The medical field in this country has no shortage of job openings.  If you wish to serve, but can't bear to prescribe some of the pills you will be asked to provide, then just do something else.  Become a radiologist, or an anesthesiologist, or a nurse, or a billing coder.  You can go to night school for that last one! 

Still not smart enough to agree with me?  (Yeah, I said it, and yes, I'm always that arrogant.)  Then here's another, more...sensitive...way to look at it:  If you are too righteous to dole out birth control, but you can rationalize prescribing a pill to give an erection, stop pain, or alter consciousness, then it seems to me you are already violating the will of your god.  If it doesn't work, didn't god will it so?  If it hurts, didn't god allow it to break?  In the same way he seems to have charged you, Mr.
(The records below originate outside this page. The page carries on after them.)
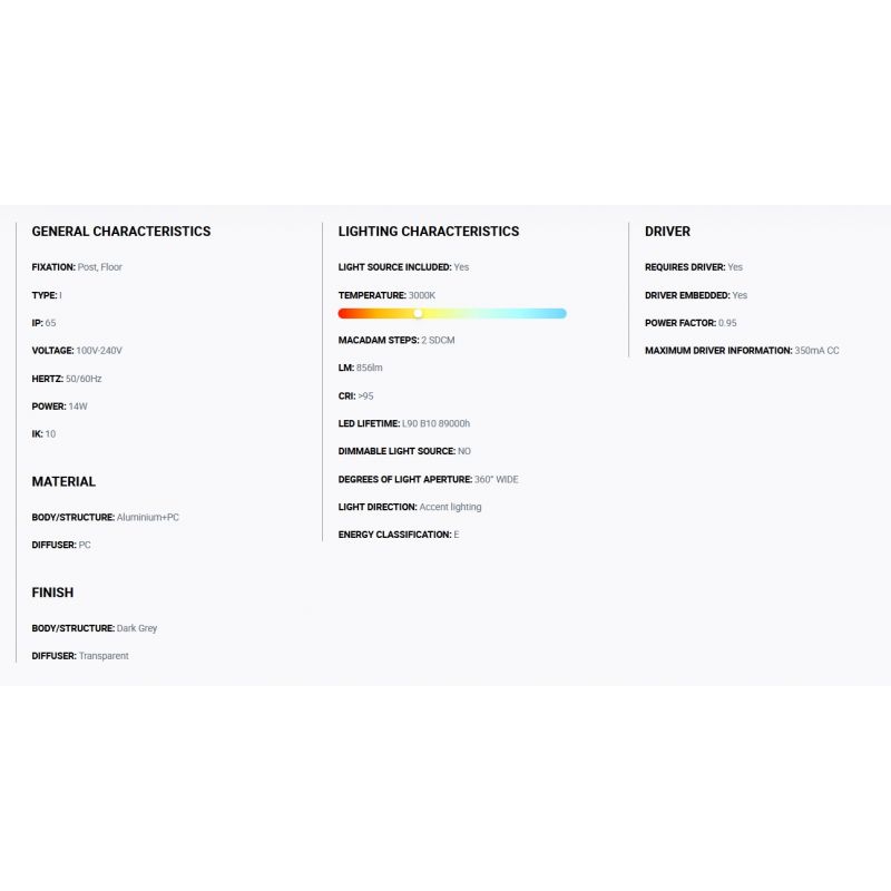 Materiale | aluminiu gri inchis, difuzor Policarbonat transparent |
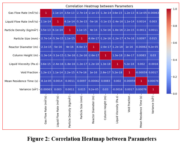Figure 2 illustrates the relationships among key variables in the Extended Three-Phase Fluidized Bed Reactor RTD Dataset. Significant correlations, such as those between gas flow rate and void fraction, highlight dependencies that can be utilized to enhance the predictive power of machine learning models. Additionally, the heatmap uncovers potential multicollinearity among features like liquid viscosity and particle density, which could impact model accuracy and performance, indicating that preprocessing methods such as feature selection or dimensionality reduction may be required to improve model robustness.
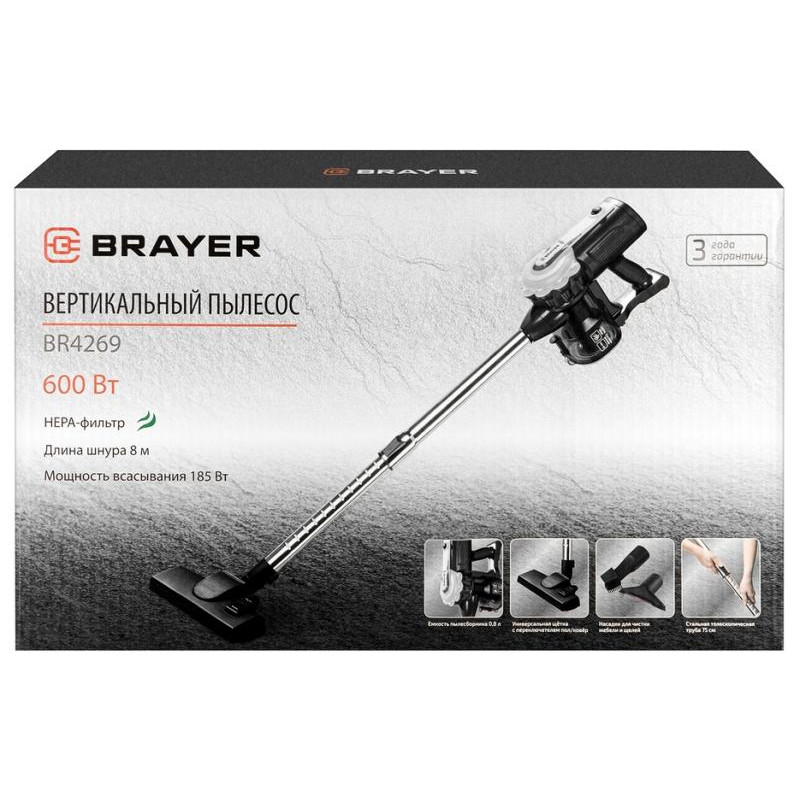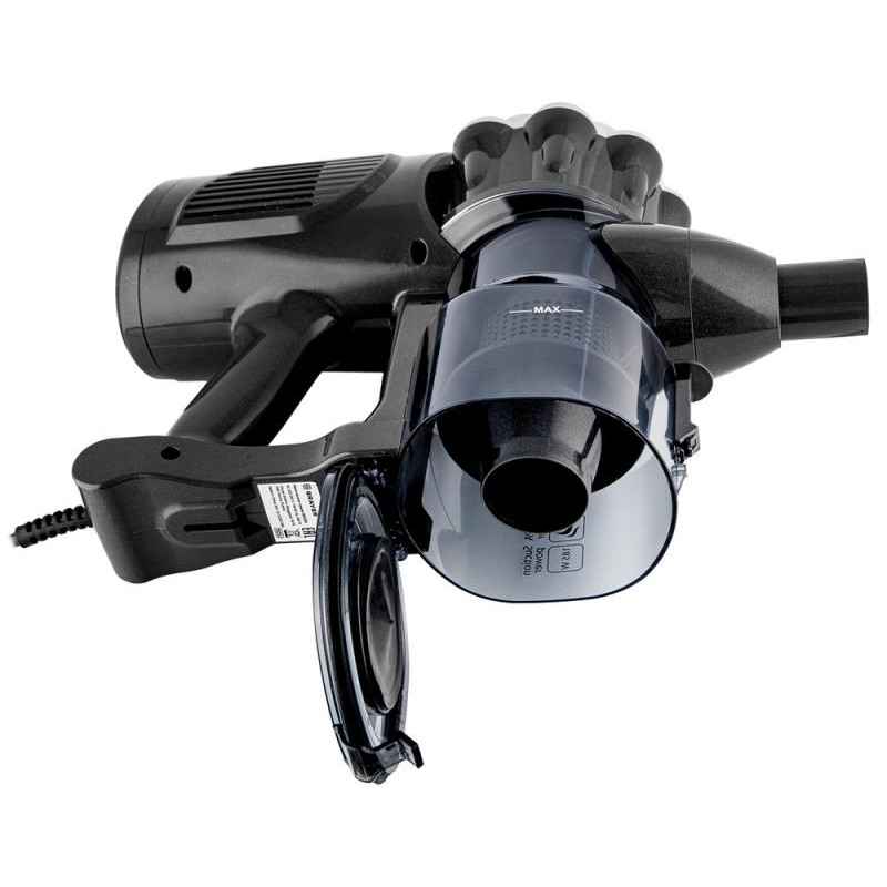 600Вт, пылесборник 0,8л, мощность всасывания 185Вт, щетка с переключателем пол/ковёр, насадки д/мебели/щелей , настенное крепление, шнур 8м
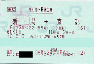 新潟から京都の急行「きたぐに」のB寝台券です。
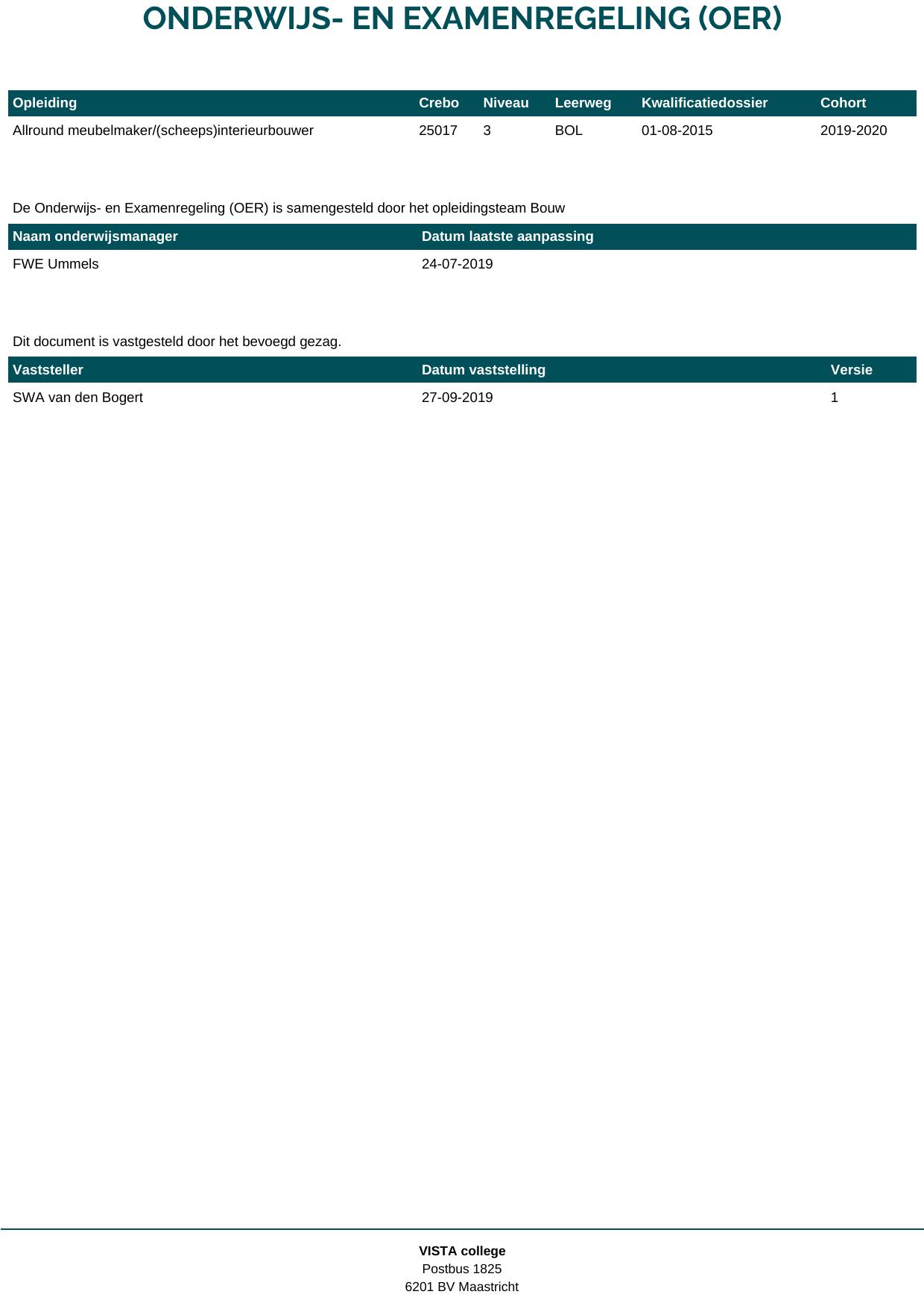 Allround meubelmaker/(scheeps)interieurbouwer 25017O1S in cohort 2019-2020
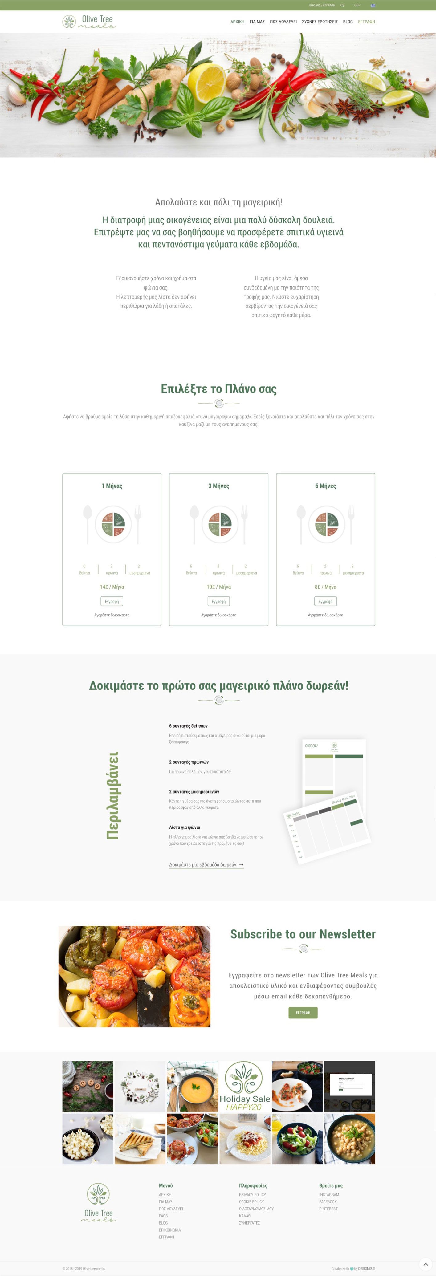 Designous also undertook the designing of a 100% responsive website, which qualifies for a pleasant ux and ui. The site olivetreemeals.com is characterized by easy scroll and speed, while emphasis has been placed on keywords that have been used to achieve top-notch online search results (SEO) versus competition.

Pharmacist, with dispensing his will, he has acted out his will upon those you pretend to want to treat.  There goes that cognitive dissonance again.  If you want to enforce your morality or beliefs on others, the LAST place you belong is in a pharmacy, or even in a lab coat for that matter.  You may say that stopping a birth is a worse evil than those other things, but you're lying to yourself.  Something else is going on here.  Furthermore, it smacks of that 'cafeteria christianity', which brings your alleged devotion into serious question. 

Pharmacists take a job that requires them to fill prescriptions at the order of a doctor.  If you can't do that, for any reason, than you must conscientiously object, and step down from your position.  There is no happy medium available to you.  Then go home and consider a life in the clergy, another medical profession, the police force, or (god forbid, but it is your right) your state, local, or national legislature. 
Whatever you choose, you must get out of the pharmacy.  I promise you that the god you describe will not forgive you for killing a woman by refusing her medication. 

That wraps it up for today, readers.  Agree or disagree, you definitely thought.  If you didn't then go back and read it again because you missed something.  Thanks again, and please remember comments are encouraged!

Oh, and if you think this is no big deal, you're wrong.  On March 3, 2009 the Idaho State Senate passed a law making it a-okay for pharmacist to refuse medicine based on religious or philosophical beliefs.  Next they'll tell cops it's okay to enforce some laws, but not others, based on their personal beliefs.